חדש על המדף

חדש על המדף

Institutions and ethnic politics in Africa
Daniel N. Posner לקטלוג
Institutions and ethnic politics in Africa
This book presents a theory to account for why and when politics revolves around one axis of social cleavage instead of another. It does so by examining the case of Zambia, where people identify themselves either as members of one of the country's six dozen tribes or as members of one of its four principal language groups. The book accounts for the conditions under which political competition in Zambia revolves around tribal differences and the conditions under which it revolves around language group differences. Drawing on a simple model of identity choice, it shows that the answer depends on whether the country is operating under single-party or multi-party rule. During periods of single-party rule, tribal identities serve as the axis of electoral mobilization and self-identification; during periods of multi-party rule, broader language group identities play this role.
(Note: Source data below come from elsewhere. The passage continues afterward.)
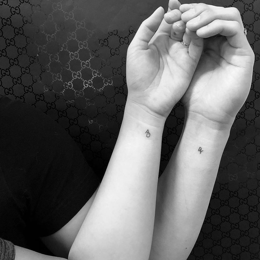 These minimalist tattoos feature small, delicate initials ”A” and “R” inked in a simple, elegant font. Positioned on the inner wrists, they are subtle yet meaningful, symbolizing a close and personal connection. The design s understated charm makes it perfect for a quiet but significant bond.
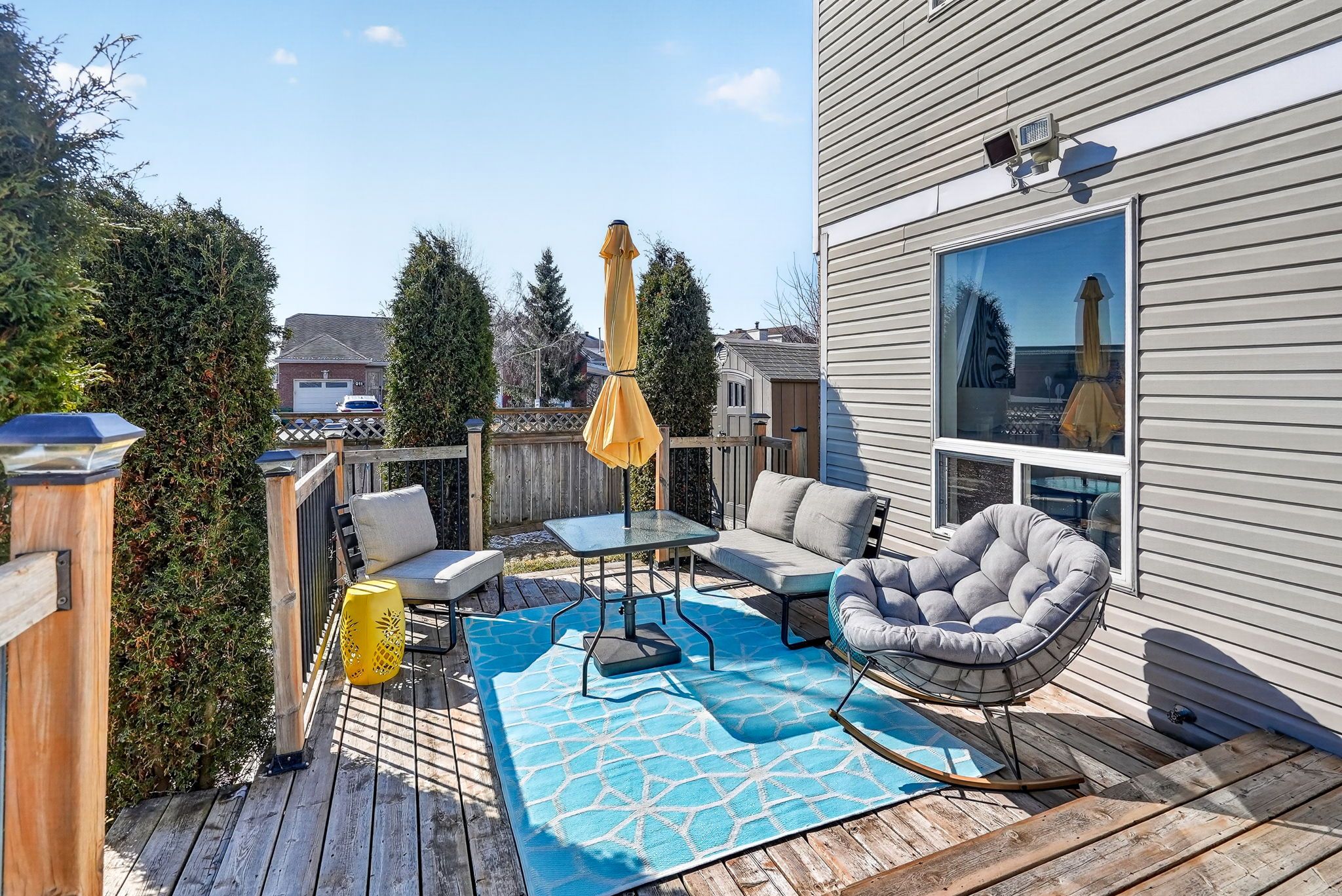 • Private backyard with a deck and no rear neighbours for added tranquility.
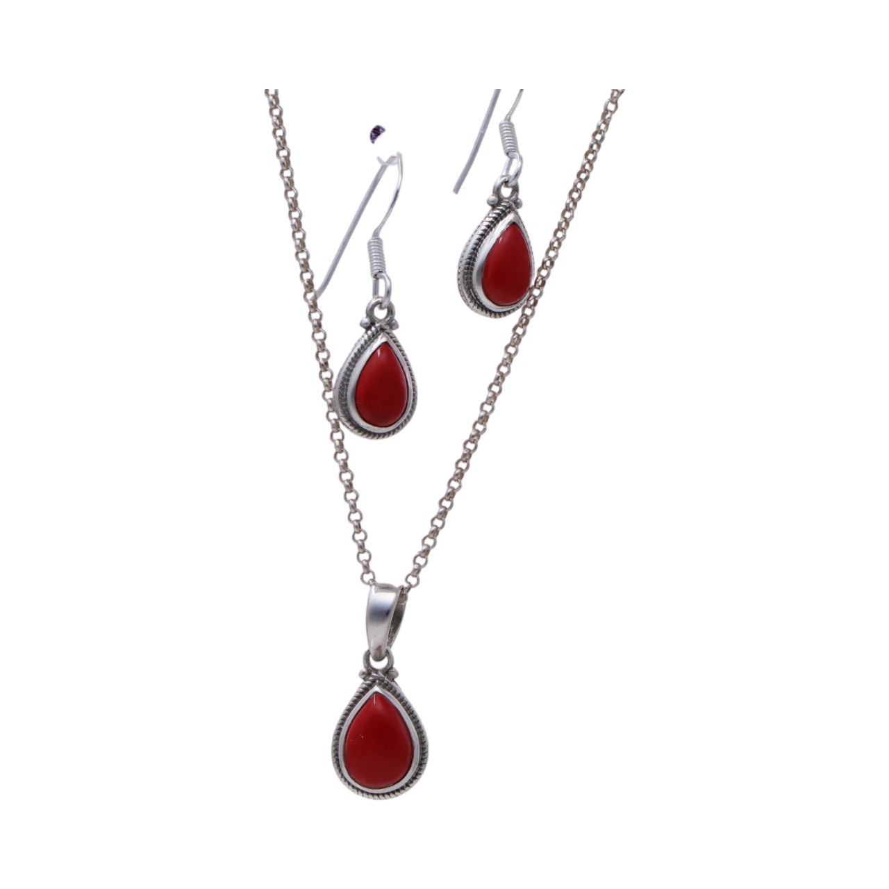 Stunning Tear drop Silver Red Coral Pendant & Earrings Set | Handcrafted Beauty and Elegance
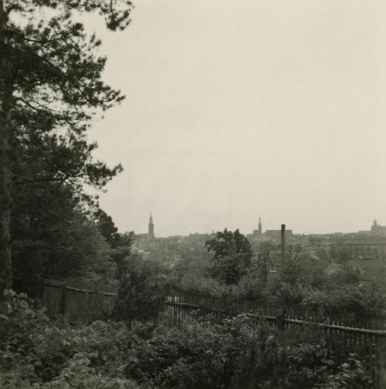 Blick vom Krematorium aus: Dreifaltigkeitskirche rechts, Rathaus links
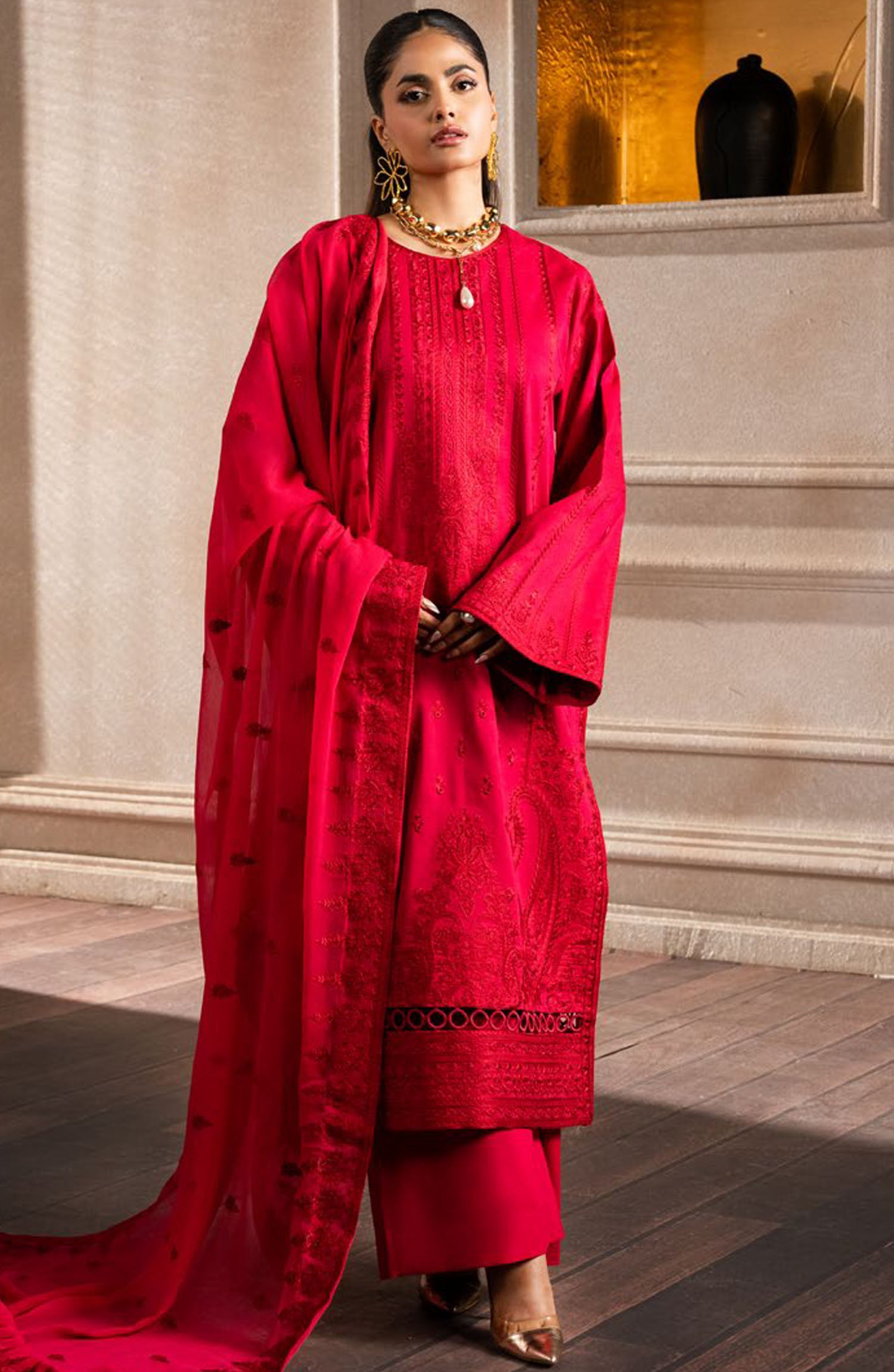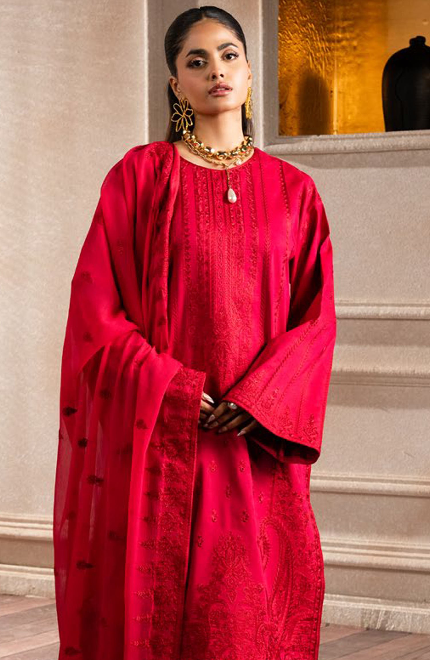 Aqs by Freesia Embroidered Lawn Unstitched 3 Piece Suit - FS-50123 Adria - MNM25AQS - Red - Summer Collection
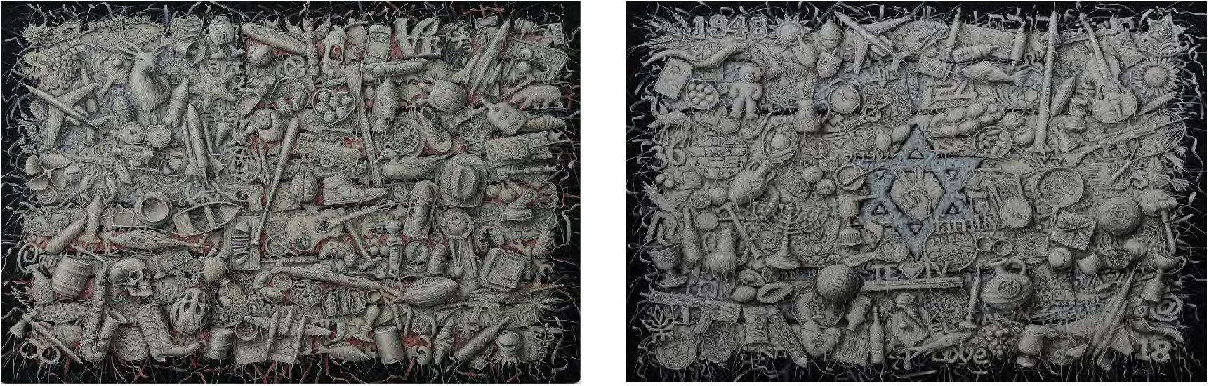 Artist Alexi Torres is in the spotlight with a timely and powerful presentation featuring the "American Dream” U.S. Flag and the “Heart of Israel” Flag hanging together as the centerpiece. Torres's work as a diptych emphasizes "The Fight for Good, Humanity, and Democracy,” a profound exploration of these themes through his masterful brushstrokes.
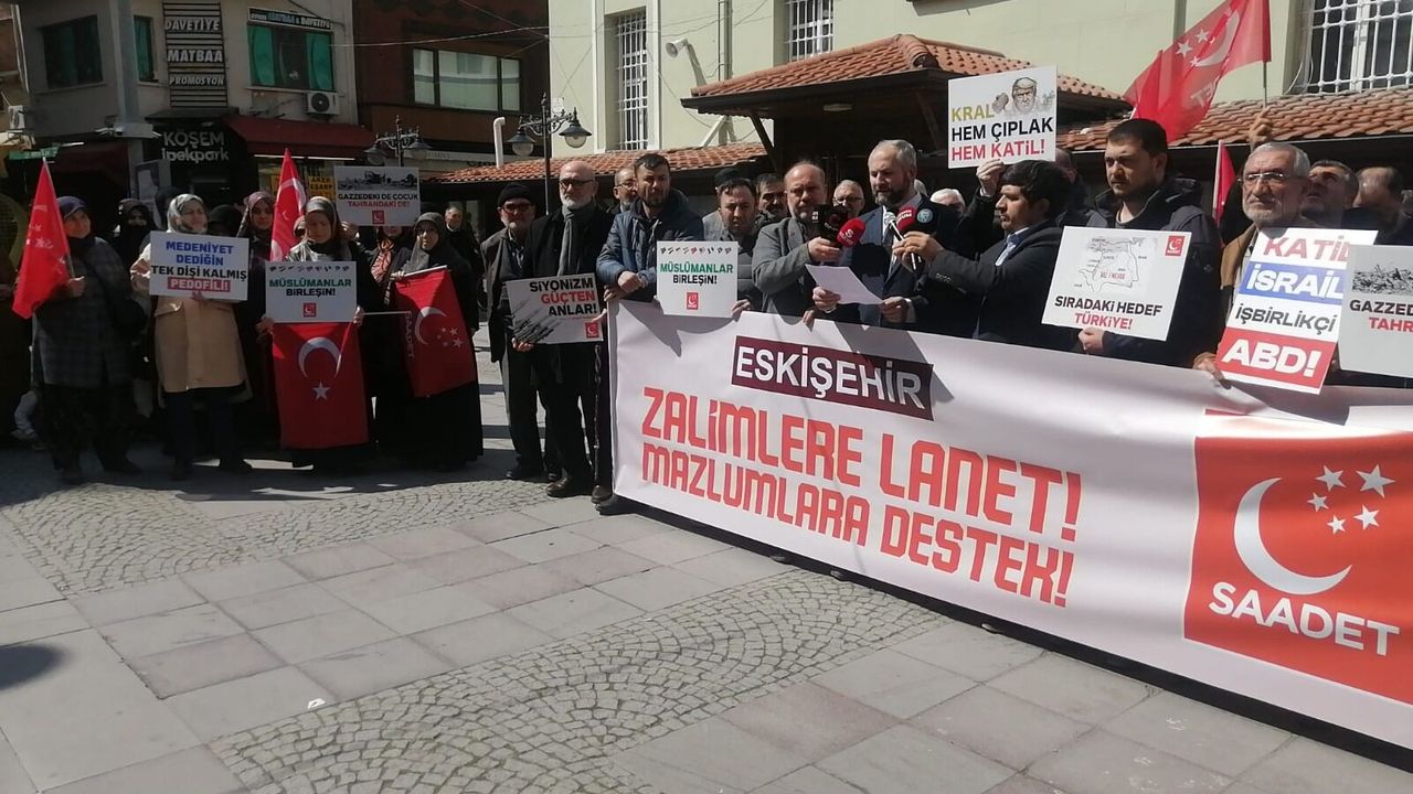 Cuma namazının ardından Çarşı Camisi önünde bir araya gelen partililer, İsrail’in Gazze ve İran’a yönelik başlattığı saldırılara tepki gösterdi. İsrail zulmüne öfke yağdıran partilierin eylemine çarşı esnafı da katılarak destek verdi. İsrail zulmüne asla boyun eğmeyeceklerini belirten Saadet Partisi Tepebaşı İlçe Başkanı Muhammed Ali Köse “Bugün burada sadece bir basın açıklaması yapmak için değil; başta İslam coğrafyası olmak üzere dünyanın dört bir yanını saran zulüm ateşine karşı birer İbrahimi damla olmak ve mazlumun kimliğine bakmaksızın onunla omuz omuza durduğumuzu tüm dünyaya ilan etmek için toplandık. Millî Görüş hareketi olarak bizler, tarih boyunca olduğu gibi bugün de coğrafya, mezhep ve kimlik ayrımı yapmaksızın zalimin karşısında elif gibi dimdik duruyoruz. Aylardır dünyanın gözü önünde, tarihin kaydedebileceği en vahşi, en alçak soykırımlardan biri Gazze’de işlenmektedir. Gazze’de dökülen her damla kan, bu zulme sessiz kalanların vicdanına sürülmüş kara bir lekedir. Bu katliam durana, abluka tamamen kalkana dek durmayacağız, susmayacağız” dedi.
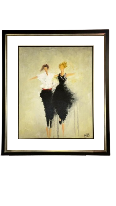 Moldura Preta e Prata C/ Vidro e Friso Preto C/ Pintura mulheres 119x139cm
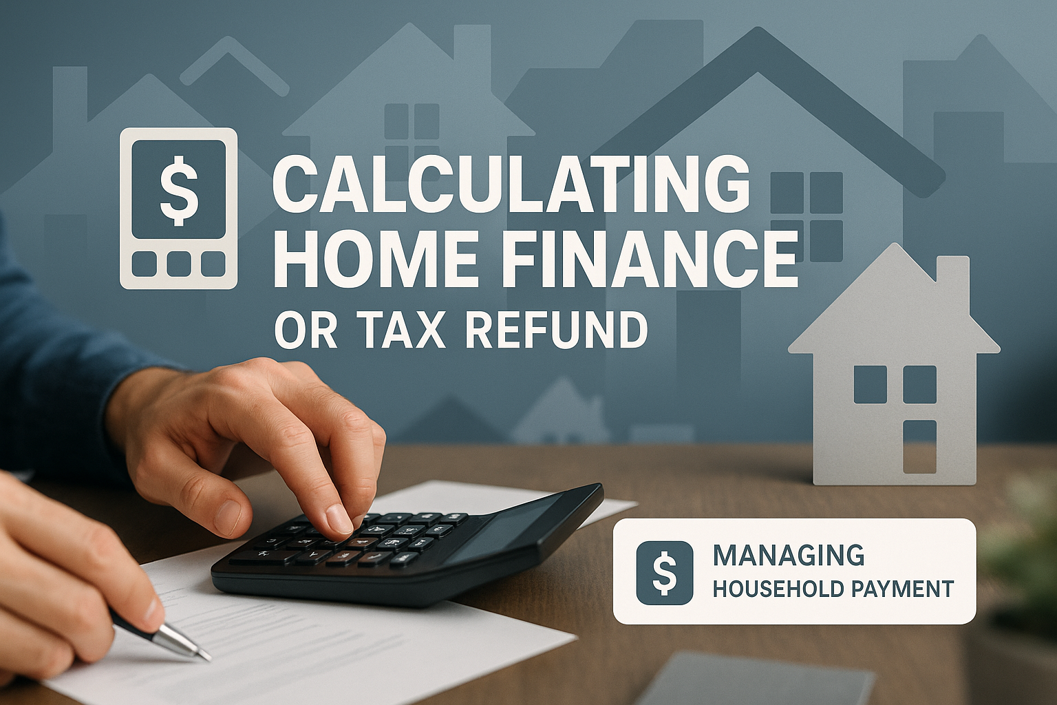 Informative graphic featuring a person using a calculator to manage home finances, ideal for financial services and household budgeting content.
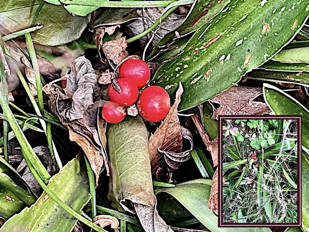 そこには、その草花の外観の風貌から、既に多年を経たようであるが、革質の分厚い針のような形の葉、まだ力一杯に根元から、そして、精一杯に赤い実をとどめようとして、4つの果実をまだしっかり付けているようであった。
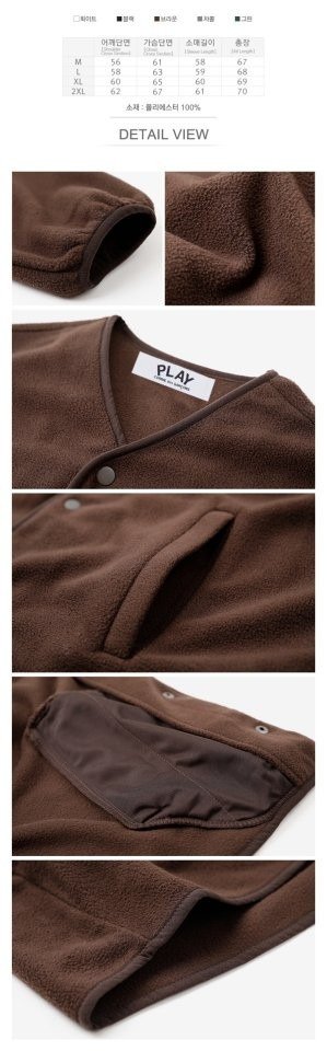 꼼데가르송 오버핏 후리스 가디건 색상: 블랙, 화이트, 그린,브라운, 차콜사이즈: M(95~100), L(105),XL(110), 2XL(115)※오버핏※폴리에스터※마지막 사진 상세사이즈 참고7.0

The book thus demonstrates how formal institutional rules determine the kinds of social cleavage that matter in politics.

Daniel N. Posner is Assistant Professor of Political Science at UCLA. His research focuses on ethnic politics, regime change, and the political economy of development in Africa. He has published articles in numerous journal, and he has received grants and fellowships from the Russell Sage Foundation, The Harry Frank Guggenheim Foundation, and the Harvard Academy for International and Area Studies. In 2001-2 he was a National Fellow at the Hoover Institution at Stanford University. He is currently a Carnegie Scholar of the Carnegie Corporation of New York.